*WHAT THIS TASK INVOLVES*: Begin with the line containing "Belalı Civciv Yastık Kupa Set", end with the last line of the records, and retype everything in between exactly, without the pictures.

*DATASET ENTRIES*:
==================================================
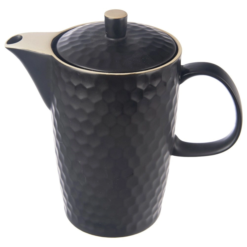 Otkrijte praktičan i dizajnerski čajnik TEA TIME od izdržljive kamenine u mat crnoj izvedbi. Teksturirana površina inspirirana pčelinjim saćem daje vašem stolu moderan štih, dok poklopac s ručkom pomaže dulje zadržati napitke toplima i štititi ih od nečistoća.
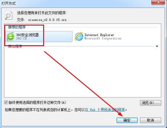 1、解压文件,鼠标右键点击【xiaomise_v2.0.0.15.crx】,选择【打开方式】;
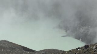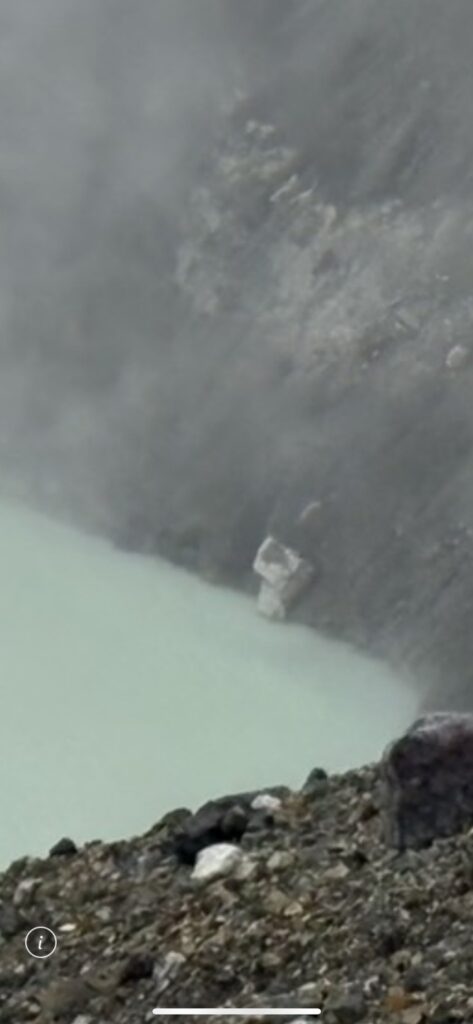 それが、山小屋に帰宅して火口の湯だまりにちょっと気になるところがあって拡大してみると・・あらまあ人が両手を挙げて!っと個人的に大騒ぎ、あっちこちにLINEでどう見える?と・・はよう管理事務所にしらせないと とかの声も。でもこんな火山のエメラルドグリーン熱湯にじっとしておられるはずもない。H2Sだってわんさか発生しているはずだから・・と昨晩の御嶽山アニメを思い出していた。まさにそれを見物していたのは噴火時死亡大多数が居た500mの範囲はおろか、わずか10m火口近傍での撮影だ。
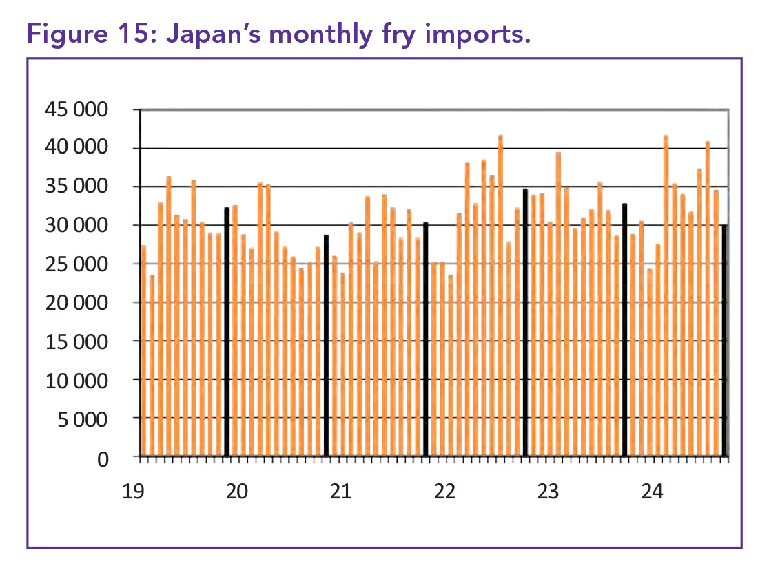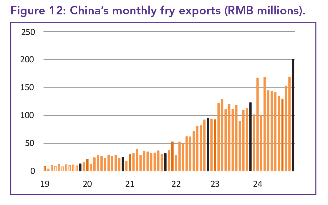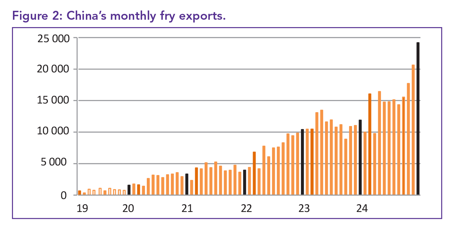 In November last year, New Zealand’s fry exports to Australia exceeded imports for the first time in eight months, marking its best monthly export figures since June last year. New Zealand exported 3 877 tonnes of fries, 852 tonnes more than October last year, though still 4% lower than 2023. Australia’s imports were 1 561 tonnes, the highest since March last year at $NZ2 077/t (US$1 166 or R21 400/t; €1 123/t), NZ$112 (R1 180) higher than October last year. Despite a 32.2% drop in volume, the higher price meant earnings were only down by 18.6%.
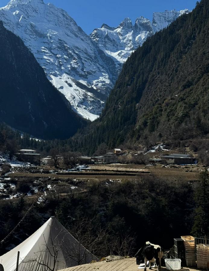 3.飞来寺:离雪山更近,观景平台较宽敞,能够容纳更多游客,正对雪山,视野无遮挡。周边有住宿和餐饮设施,交通也相对便利。如果计划提前一天到梅里雪山住宿,建议选择飞来寺附近的地方。
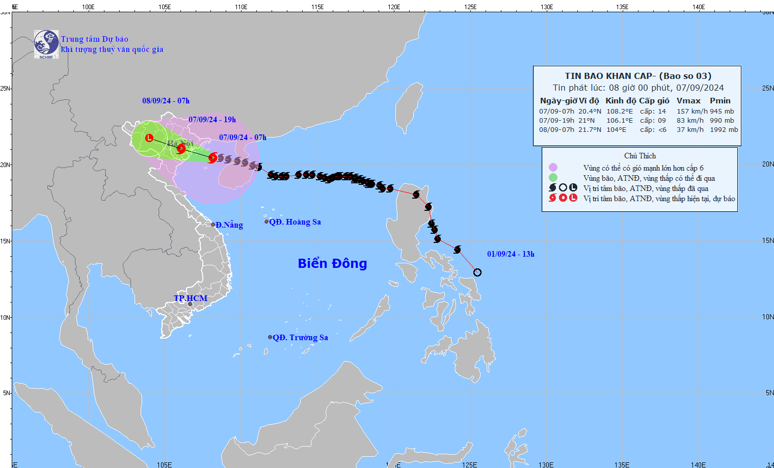 Lúc 09 giờ ngày 07/9, vị trí tâm bão ở khoảng 20.5 độ Vĩ Bắc; 107.8 độ Kinh Đông, trên vùng biển Quảng Ninh – Hải Phòng
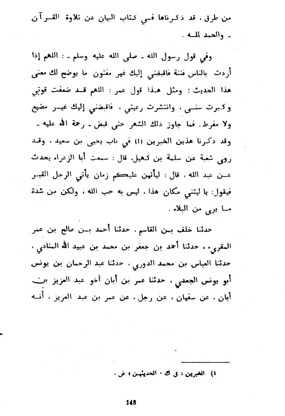 مِنْ طُرُقٍ قَدْ ذَكَرْنَاهَا فِي كِتَابِ الْبَيَانِ عَنْ تِلَاوَةِ الْقُرْآنِ وَالْحَمْدُ لِلَّهِ وَفِي قَوْلِ رَسُولِ اللَّهِ صَلَّى اللَّهُ عَلَيْهِ وَسَلَّمَ اللَّهُمَّ إِذَا أَرَدْتَ بِالنَّاسِ فِتْنَةً فَاقْبِضْنِي إِلَيْكَ غَيْرَ مَفْتُونٍ مَا يُوَضِّحُ لَكَ مَعْنَى هَذَا الْحَدِيثِ وَمِثْلُ هَذَا قَوْلُ عُمَرَ اللَّهُمَّ قَدْ ضَعُفَتْ قُوَّتِي وَكَبُرَتْ سِنِّي وَانْتَشَرَتْ رَعِيَّتِي فَاقْبِضْنِي إِلَيْكَ غَيْرَ مُضَيِّعٍ وَلَا مُفَرِّطٍ فَمَا جَاوَزَ ذَلِكَ الشَّهْرَ حَتَّى قُبِضَ رَحْمَةُ اللَّهِ عَلَيْهِ وَقَدْ ذَكَرْنَا هَذَيْنِ الْخَبَرَيْنِ فِي بَابِ يَحْيَى بْنِ سَعِيدٍ وَقَدْ رَوَى شُعْبَةُ عَنْ سَلَمَةَ بْنِ كُهَيْلٍ قَالَ سَمِعْتُ أَبَا الزَّعْرَاءِ يُحَدِّثُ عَنْ عَبْدِ اللَّهِ قَالَ لَيَأْتِيَنَّ عَلَيْكُمْ زَمَانٌ يَأْتِي الرَّجُلُ الْقَبْرَ فَيَقُولُ يَا لَيْتَنِي مَكَانَ هَذَا لَيْسَ بِهِ حُبُّ اللَّهِ وَلَكِنْ مِنْ شِدَّةِ مَا يَرَى مِنَ الْبَلَاءِ حَدَّثَنَا خَلَفُ بْنُ الْقَاسِمِ حَدَّثَنَا أَحْمَدُ بْنُ صَالِحِ بْنِ عُمَرَ الْمُقْرِئُ حَدَّثَنَا أَحْمَدُ بْنُ جَعْفَرِ بْنِ مُحَمَّدِ بْنِ عُبَيْدِ اللَّهِ الْمُنَادِي حَدَّثَنَا الْعَبَّاسُ بْنُ مُحَمَّدٍ الدُّورِيُّ حَدَّثَنَا عبد الرحمان بن يونس أبو يوسن الْجَعْدِيُّ حَدَّثَنَا عُمَرُ بْنُ أَبَانَ أَخُو عَبْدِ الْعَزِيزِ بْنِ أَبَانَ عَنْ سُفْيَانَ عَنْ رَجُلٍ عَنْ عُمَرَ بْنِ عَبْدِ الْعَزِيزِ أَنَّهُ
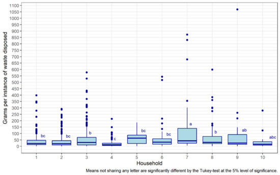 The cost of food emphasises this point, revealing a further disjuncture between items, weights and individuals. The UK national average of avoidable food waste per week as of 2018 was 1330 g at GBP 4.04 per capita and 3170 g at GBP 9.62 per household []. However, this sample is considerably lower than their estimates according to weight, with costs ranging from GBP 2.80 to GBP 14.26; 6 and 9 produce significantly greater costs. Initial patterns indicate that while the single household with children has significantly more avoidable waste, the financial value of that waste is much lower than in the homes of just two adults. Equally, larger households, with greater amounts of total waste, proportionately produce much lower waste in terms of monetary value.
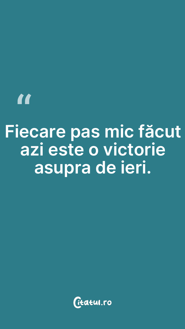 Fiecare pas mic făcut azi este o victorie asupra de ieri.
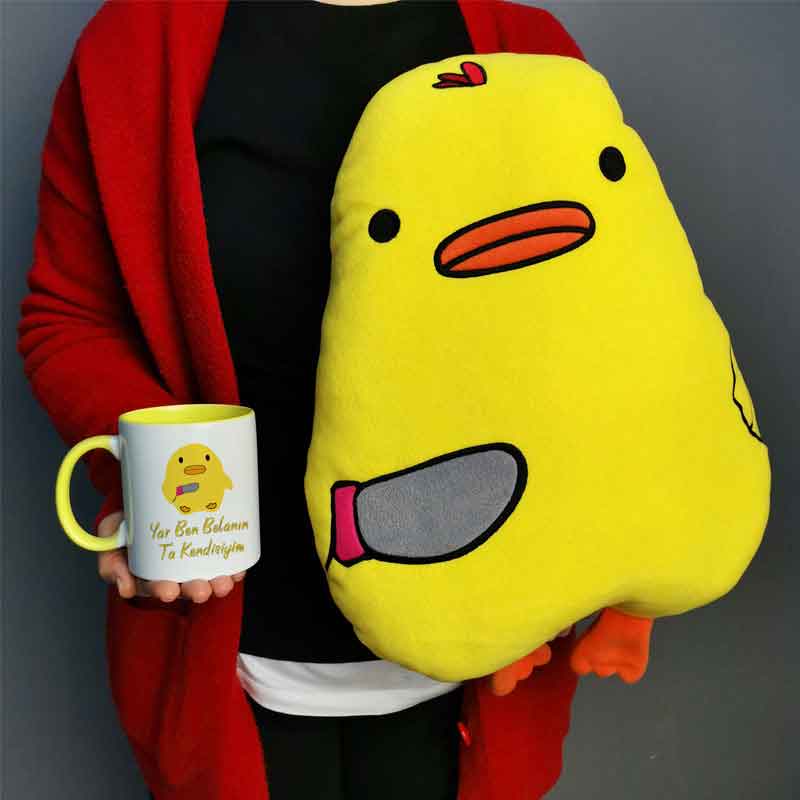Belalı Civciv Yastık Kupa Set
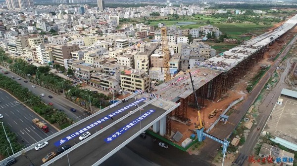 海秀快速路二期项目主线高架桥合龙。??谌毡钦?陈长宇 摄
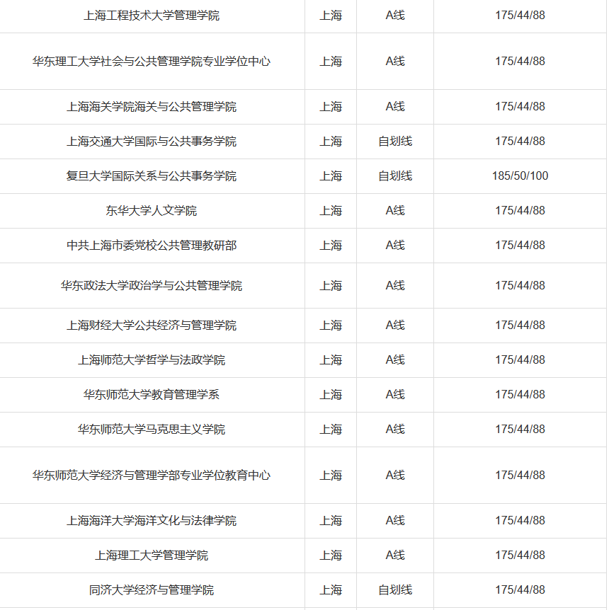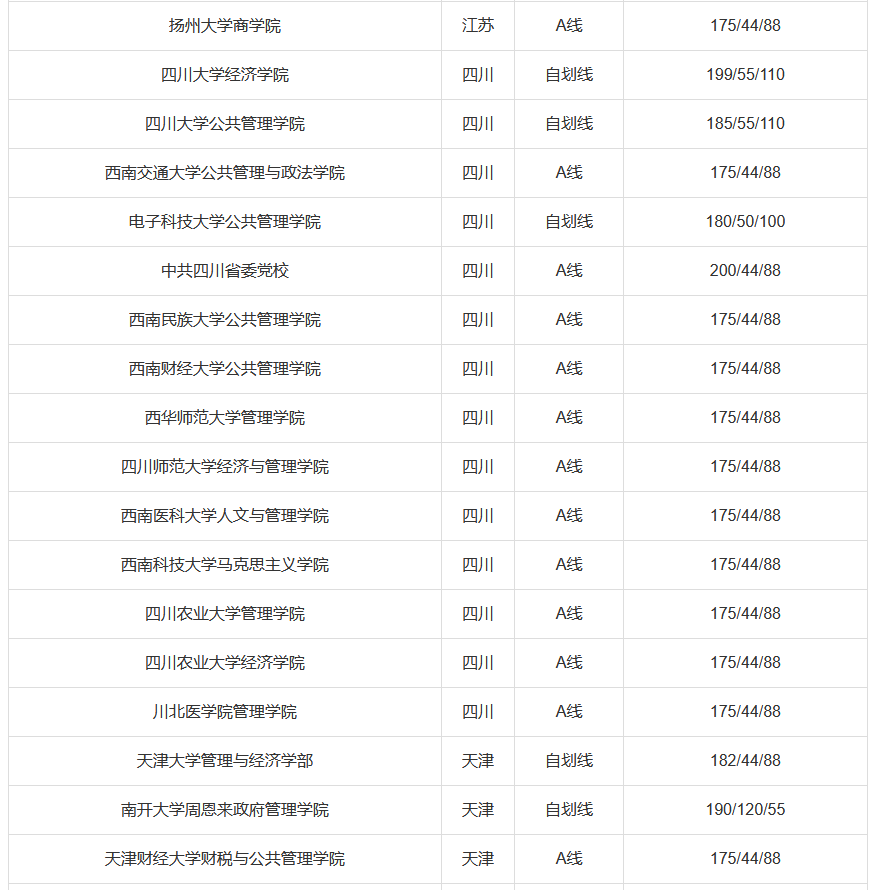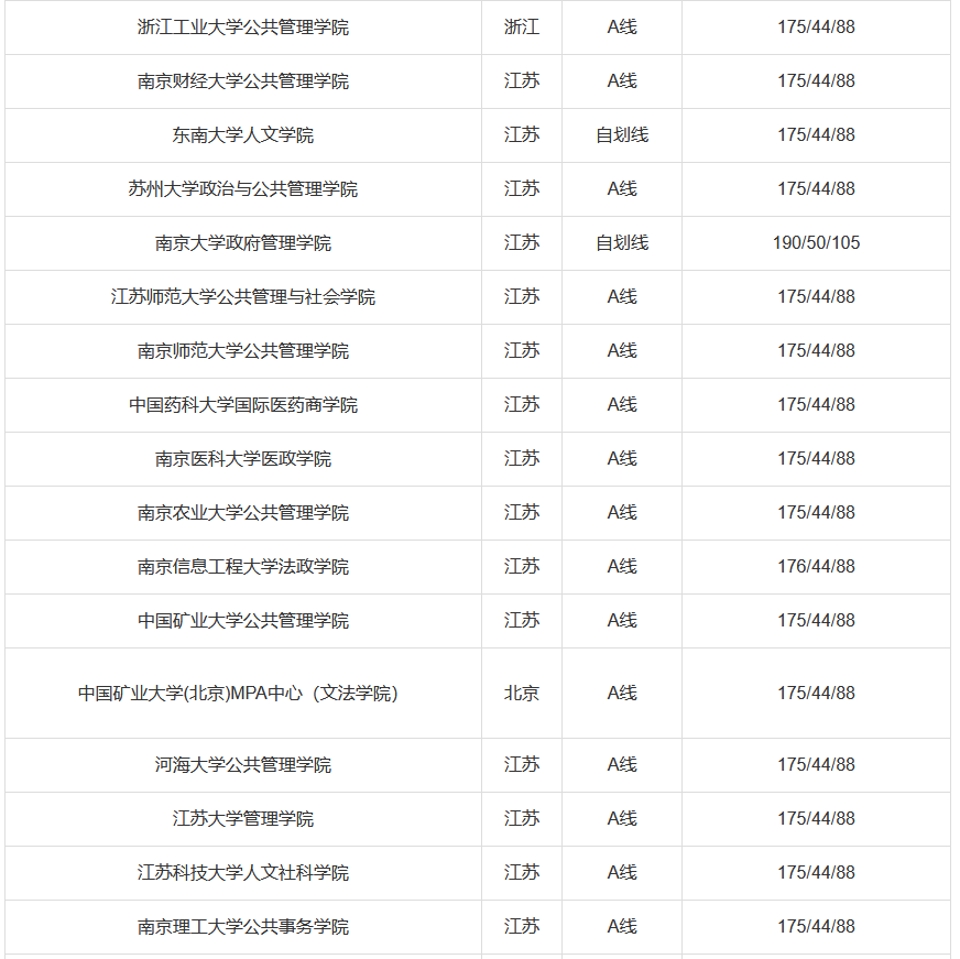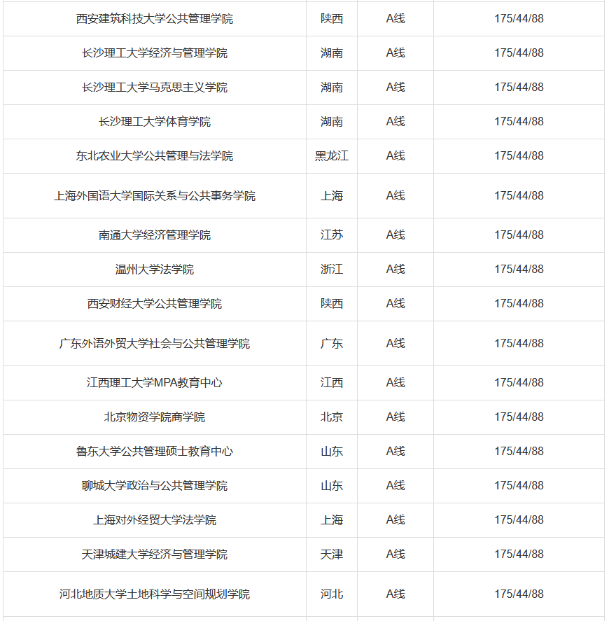 国家A类线:总分175分,英语44分,管理类联考88分
==================================================
*ANSWER SECTION*:
Belalı Civciv Yastık Kupa Set
 海秀快速路二期项目主线高架桥合龙。??谌毡钦?陈长宇 摄
 国家A类线:总分175分,英语44分,管理类联考88分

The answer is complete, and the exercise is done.